Eroding painful memories with tears for fallen hardmen

What you need to know:

  • Refusing to mourn people who have held important public office is ungrateful and should be punished as a high crime.
  • Grieving together strengthens the nation’s value system, affirming mores of practice in silence.

On Friday, a 79-year-old former security minister who once rode in the president’s limousine was buried; today, a 67-year-old presidential bruiser goes to rest; and next week, perhaps another 77-year-old presidential confidant will be interred.

Grief has gripped Kenya in the wake of zero chill men who presided over the country’s safety and stability passing on. Their deaths – from cardiac arrests and cancer – are all the more painful coming as they do after crossing the country’s top-line life expectancy mark of 62 years.

LOCAL GANGSTER

Geoffrey Gitahi Kariuki was Security minister when government forces, acting on the premise of flushing out a local gangster known as Abdi Madobe, set fire to Bulla Kartasi, a residential village is Garissa, killing people and raping women. The local population was contained at Garissa Primary School football pitch for three days without water or food, resulting in more than 3,000 deaths. The Truth Justice and Reconciliation Commission said Kariuki should take responsibility for that.

Retired Major-General Nkaissery was Security minister when Kenya topped the African charts for extrajudicial executions. Last year alone, Amnesty International ranked Kenya as having recorded 122 of Africa’s 177 deaths at police hands. For this achievement, he should be greatly missed in death, as he had overcome allegations in the TJRC of participating in the Lotirir massacre to be approved by Parliament for appointment as Cabinet Secretary.

FALL GUY

Although Nicholas Biwott was never the Security minister, he was the fall guy for all the things that went wrong under Daniel arap Moi’s 24-year presidency. As it were, he was the only minister ever arrested in connection with the death of a fellow member of the Cabinet, Dr Robert Ouko, who appears to have shot himself in the foot, drank petrol and set his body aflame. Biwott goes to his grave leaving behind not a trace of evidence about the death of Ouko, and insinuations in the TJRC report about his involvement in the Likoni clashes of 1997 a forgotten memory.

Not all deaths are the same – some are marked with wailing, and others in stunned silence. Only two months ago, there was a tearless funeral for 18-year-old Claire Njoki Kiboi when she was buried in Murang’a. She met her end in a hail of police bullets in Nairobi’s Kayole area because she was suspected to be Nairobi’s Prettiest Thug.

SHOT MAN

Three months ago, in April, a police officer dragged a young man from a crowd, laid him on the tarmac in full public view in Nairobi’s Eastleigh area and shot him. Uncertain if he was still alive, he asked for a gun from his colleague and finished off the job. On Facebook, anonymous police officers still post pictures of suspects whom they warn to leave town, and before you can sign into the next session, their bodies are sprawled in finality.

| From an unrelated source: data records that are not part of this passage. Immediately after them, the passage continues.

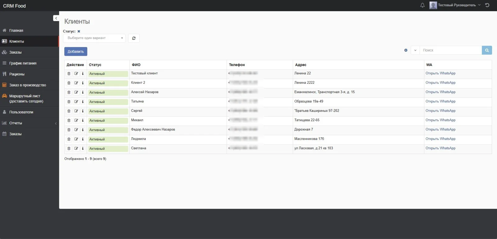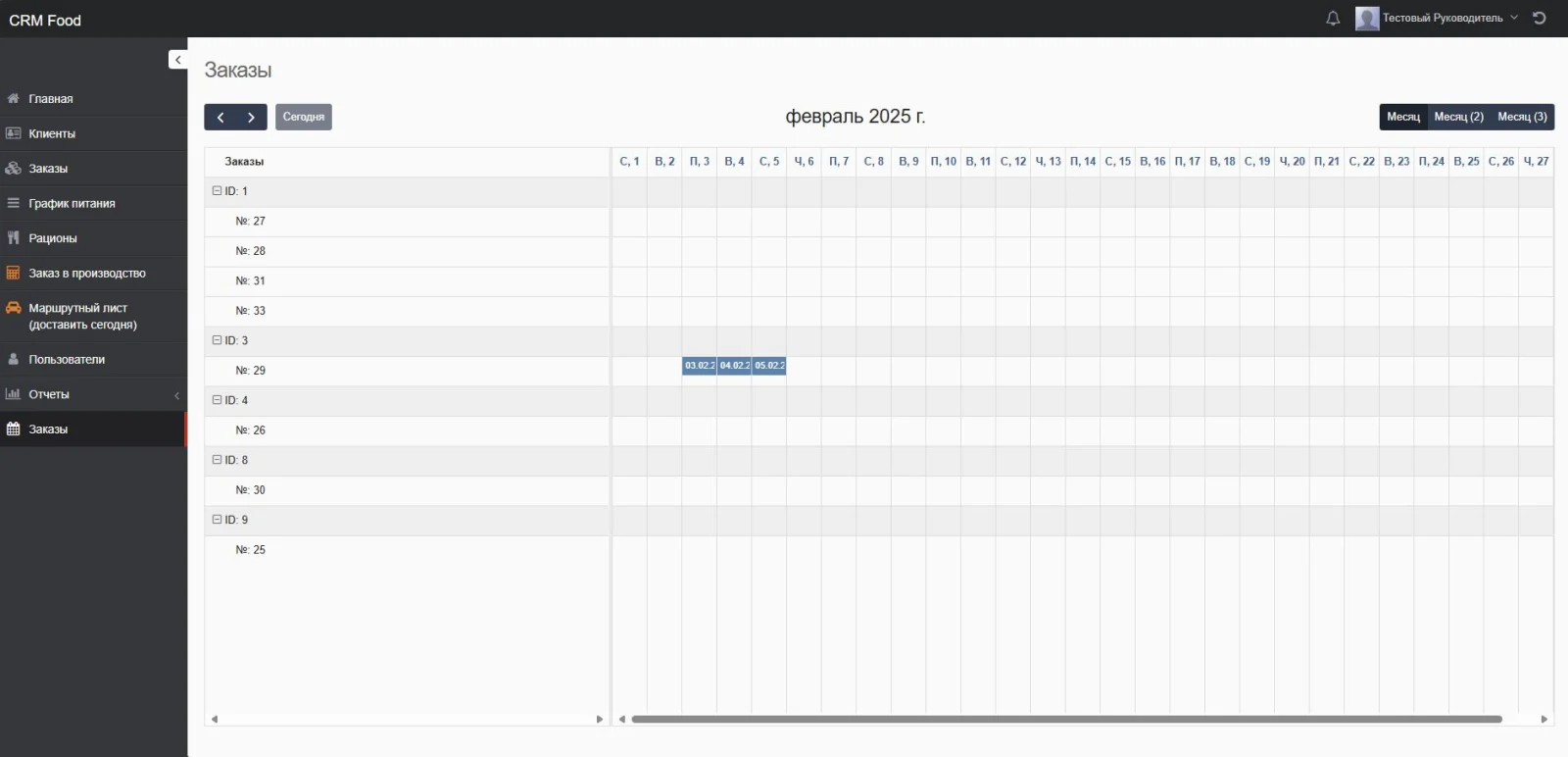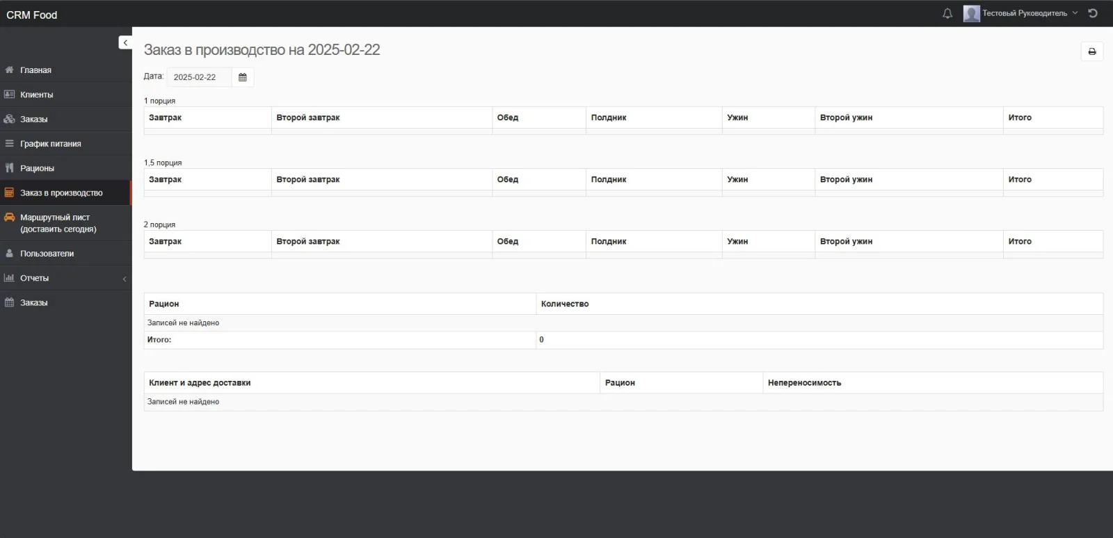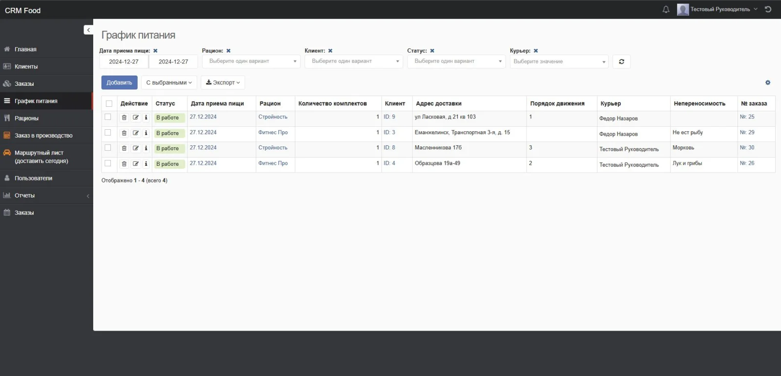 Решение на базе CRM Руководитель для учета доставки комплексного питания.
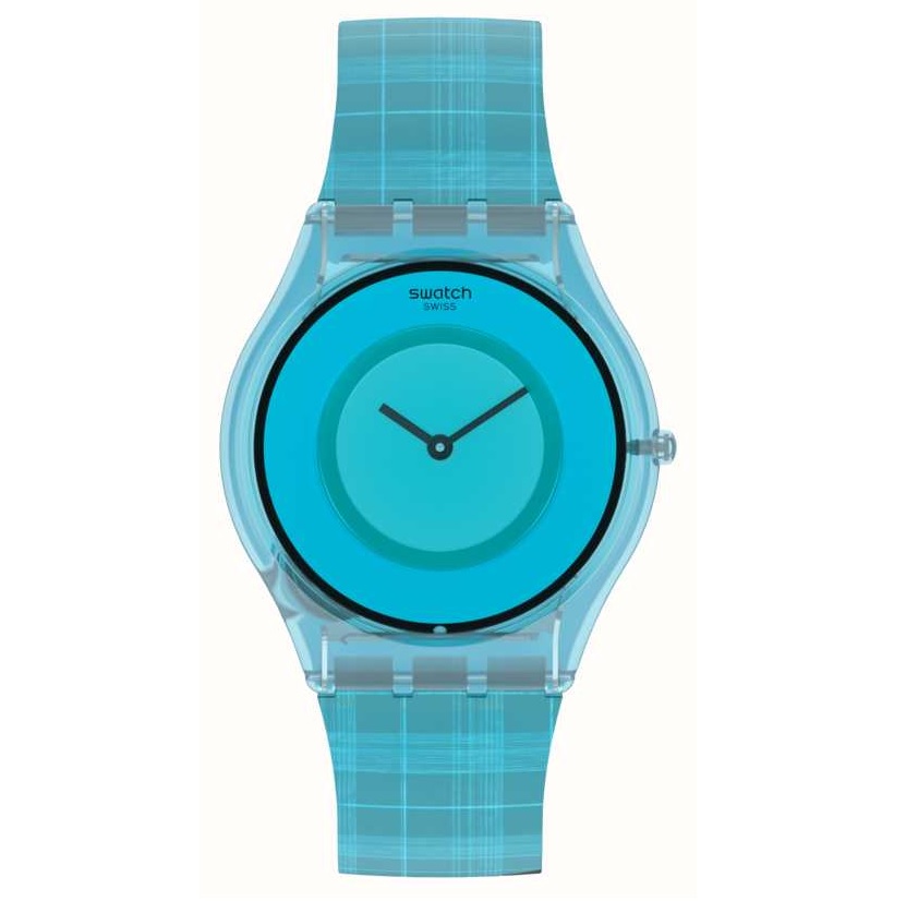 Blue (translucent) bio-sourced material case with a blue silicone strap. Fixed blue (translucent) bio-sourced material bezel. Blue dial with black hands. No markers. Dial Type: Analog. Quartz movement. Pull / push crown. Solid case back. Round case shape. Case size: 34 mm. Case thickness: 5.4 mm. Band width: 17.6 mm. Tang clasp. Water resistant at 30 meters / 100 feet. Functions: hour, minute. Swatch X Supriya Lele Series. Casual watch style. Swatch X Supriya Lele Quartz Blue Dial Ladies Watch SS08Z102.
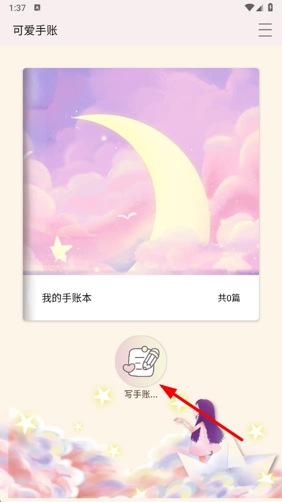 1、打開(kāi)可愛(ài)手賬app,在主界面點(diǎn)擊寫手賬按鈕,進(jìn)入手賬編輯頁(yè)面。
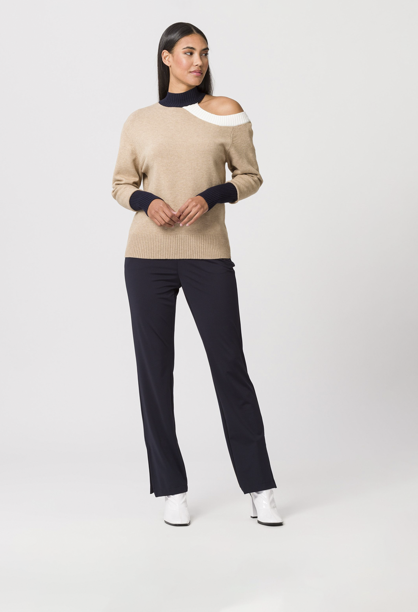 Брюки женские с декоративным прорезным карманом сзади. Прямые брючины облегают фигуру, эластичный трикотаж, за которым легко ухаживать, имеет струящуюся драпировку и мягкий на ощупь. Вневременной однотонный образ дополнен изящным принтом на левом кармане брюк
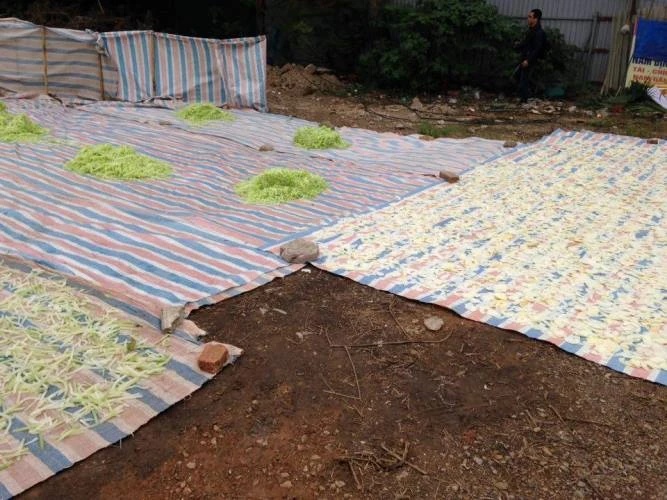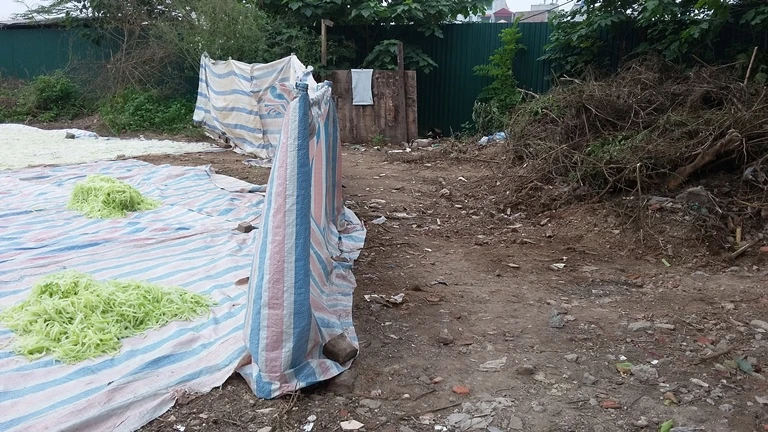 Cơ sở này phơi nguyên liệu làm mứt tết ngoài trời, không đảm bảo vệ sinh tại khu đất trống rộng hàng trăm mét vuông. Tại đây, hàng trăm ký bí và đu đủ đã qua sơ chế được phơi trên tấm bạt mỏng ngay sát mặt đất, bụi bẩn, ruồi nhặng bâu đầy và gần khu vệ sinh công cộng tạm bợ.
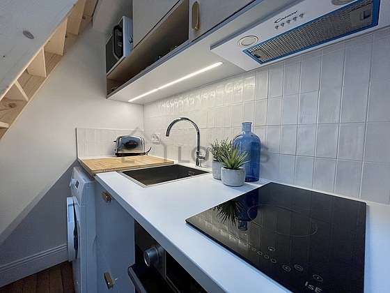 Questo appartamento dispone di una cucina e tutto l'equipaggiamento indispensabile per la vita quotidiana : piani di cottura, frigorifero, forno, forno microonde, congelatore, cappa di aspirazione, bollitore elettrico, caffettiera, armadio, stoviglie.
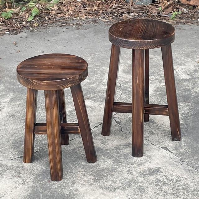 藍色的熊碳燒實木十字圓凳 43cm(加厚椅面 傳統十字榫固定 餐椅 椅凳 板凳 仿舊復古風 粗曠工業風)
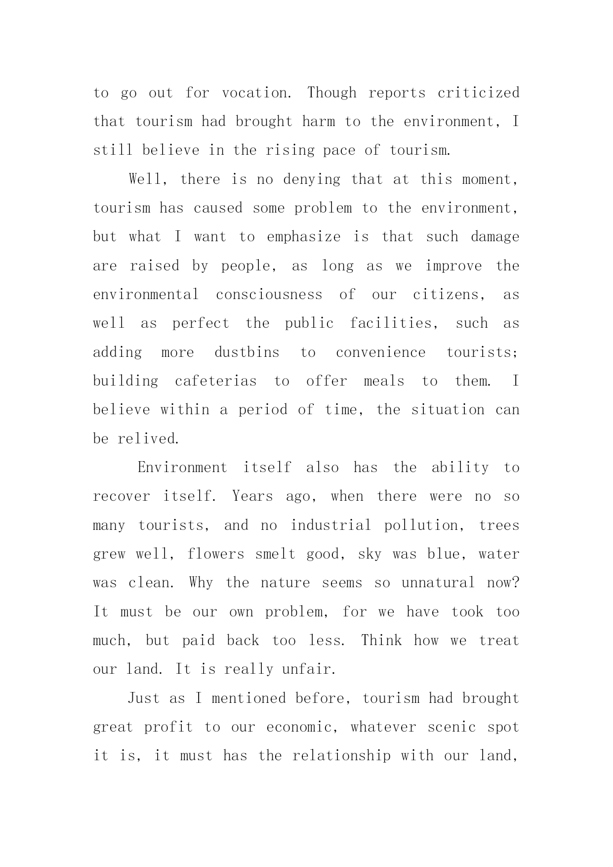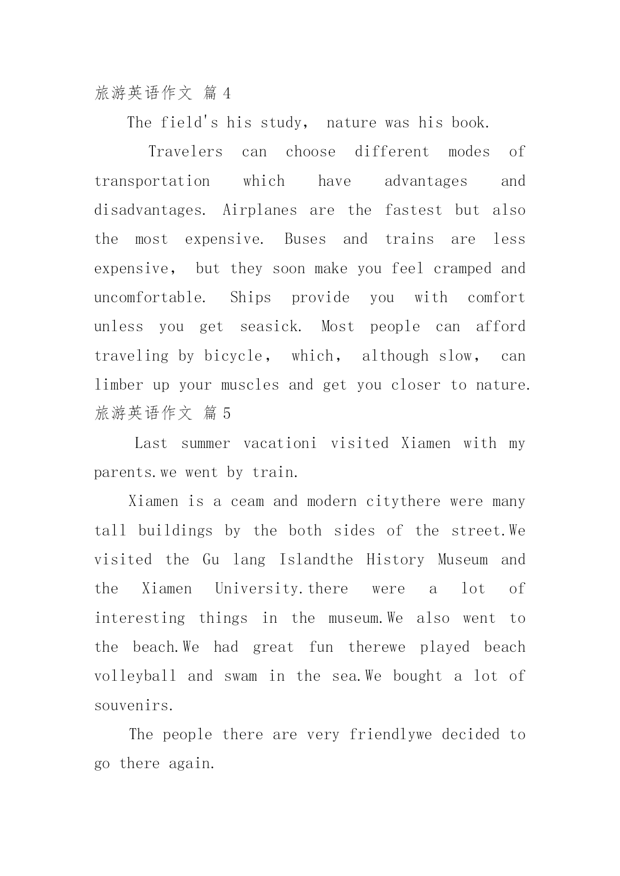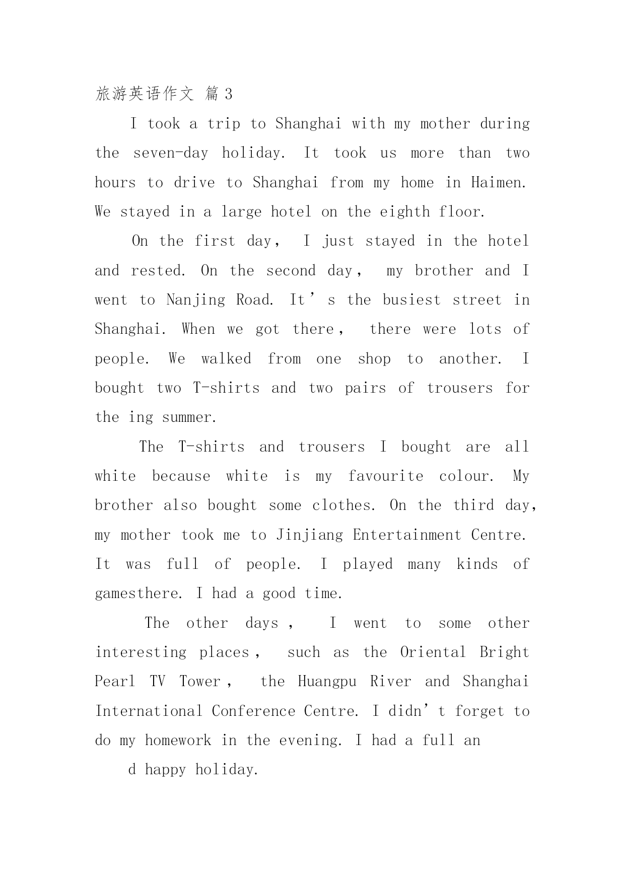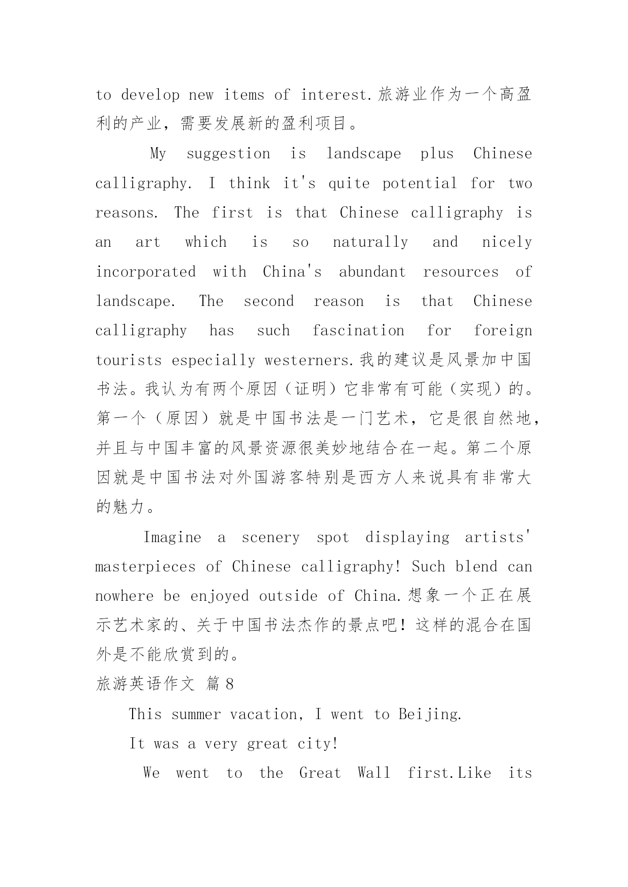 旅游英语作文【精选】旅游英语作文汇编九篇在学习、工作乃至生活中,大家都不可避免地会接触到作文吧,借助作文可以提高我们的语言组织能力。你所见过的作文是什么样的呢?以下是小编为大家整理的旅游英语作文9篇,供大家参考借鉴,希望可以帮助到有需要的朋友。旅游英语作文篇1旅游污染英语作文一:tourismpollutionResponsibletravelisverywellexpressedinthefamoustravelerssaying:Takenothingbutpictures,leavenothingbutfootprints,killnothingbuttime.Travellingiseveryone’swayofgettingawayfromthehustleandbustleoflifeandsometimes,becausewearesoengrossedinourdesiretoenjoyandhavefun,wetendtoforgetthattheweonlyhaveoneearthtoliveonandthatweareallresponsibleforit.Veryoften,wearenotconsciousenoughtorealizethatonelittlecandywrapperthatwethrewoutsidethebuswhiletravellingcouldonedaycontributetotheblockingofthedrainagesystemandcouldcausefloodinginthearea;wearenotawareenoughofthefactthatthelitterwethrowawaycarelesslymightonedayturntheplaceintoatrashdump;wearenotconsiderateenoughtoseethetreeweattempttoclimbmightbeover500yearsoldandcanhardlybearourweight.Ithinkweshouldunderstandthattravellingshouldnotbeseenassomethingthatishuman-centered.Itshouldbeunderstoodthatwhenwetravel,weshouldfeelhonoredthatwecouldstillseeandenjoythebeautyoftheworld.We,asahumanbeing,shouldberesponsibleforthefewoftheremainingbeautifulplacesinthisplanet.Beingresponsibledoesn’tnecessarilymeanthatwearerequiredtodosomethinggrandfortheenvironment.It’sthoselittlethingsthatmatterthemost.Ifeverybodystartsdoingthoselittlethings,Ibetitcouldchangetheworld.旅游污染英语作文二:WillTourismBringHarmtotheEnvironmentItisuniversallyacknowledgedthattourcanmakepeoplefeelhappy;travelingisagoodwaytorelaxoneself.TouristdatashowsthatpeopleinChinamadeagreatcontributiontotheworldtourism,andit’smoreandmorepopularforpeopletogooutforvocation.Thoughreportscriticizedthattourismhadbroughtharmtotheenvironment,Istillbelieveintherisingpaceoftourism.Well,thereisnodenyingthatatthismoment,tourismhascausedsomeproblemtotheenvironment,butwhatIwanttoemphasizeisthatsuchdamageareraisedbypeople,aslongasweimprovetheenvironmentalconsciousnessofourcitizens,aswellasperfectthepublicfacilities,suchasaddingmoredustbinstoconveniencet
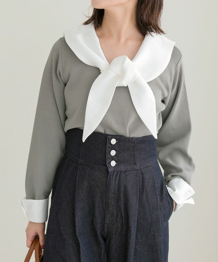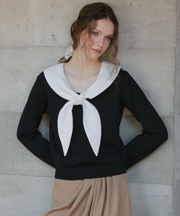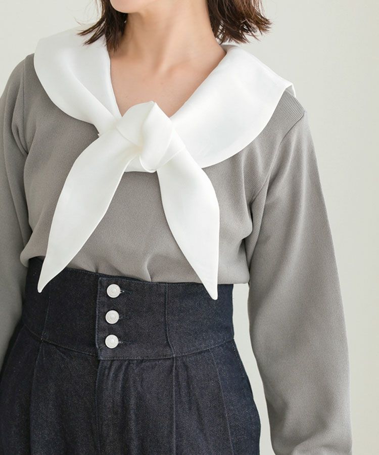 セーラーカラーがお顔周りを華やかにし、結び方アレンジで自分らしい着こなしも。
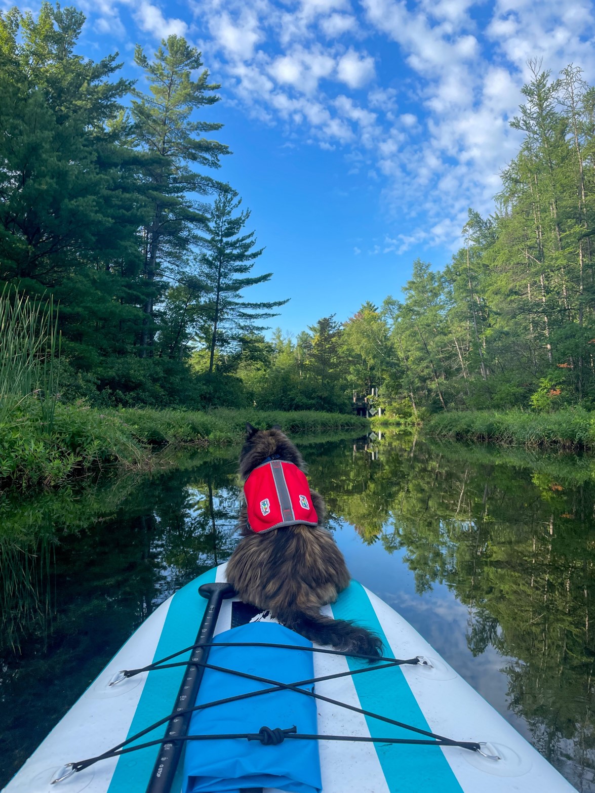”I decided to take her paddling with me because she has done everything with me since I’ve gotten her,” Horkan says. “We have gone on two road trips in my Subaru across the country, biking, hiking, and now kayaking!”
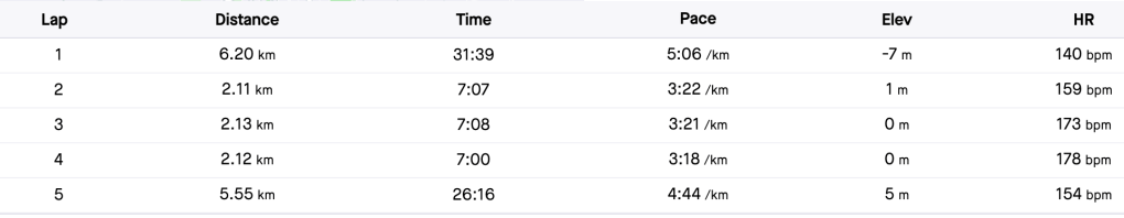 On Saturday morning I slept in a bit and skipped the unofficial Quorn parkrun so I could focus on putting together a second faster run for the week. At first, I didn’t feel as fresh as I did the two days prior when I completed 3 laps of the 2.1km circuit I run on with a minute break between laps. I still started anyway and planned to run the same 3 laps at about the same pace just without the minute breaks. If I could finish the last one faster that would’ve been a bonus.
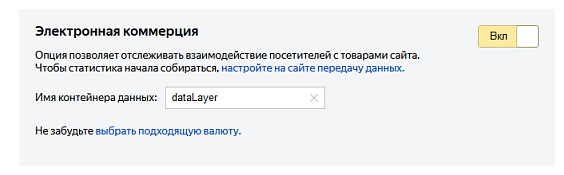 Чтобы включить электронную коммерцию на стороне Яндекс Метрики:

Since Kenyans are squeamish, it is best that hard men who can take tough decisions dispatch people needing to die young.

NOT OFFICIAL

Killings may occur accidentally, but that cannot be the official policy of the Kenya government. Last year, President Uhuru Kenyatta commuted the death sentences of all 2,747 people convicted to hang for murder or violent robbery to life in prison. His predecessor, President Mwai Kibaki, had no heart for blood, either, and in August 2009 commuted the sentences of 4,000 death-row inmates to life in prison. Even though the death penalty remains on the law books, Kenya has not legally executed anybody for over 30 years.

If the presidents Kenya has do not have the stomach to do their duty, those willing to serve their country must be repaid with honour.

Refusing to mourn people who have held important public office is ungrateful and should be punished as a high crime. Grieving together strengthens the nation’s value system, affirming mores of practice in silence.

Kwamchetsi Makokha is the programme advisor at Journalists for Justice.

The views expressed here are his own and do not represent those of JfJ.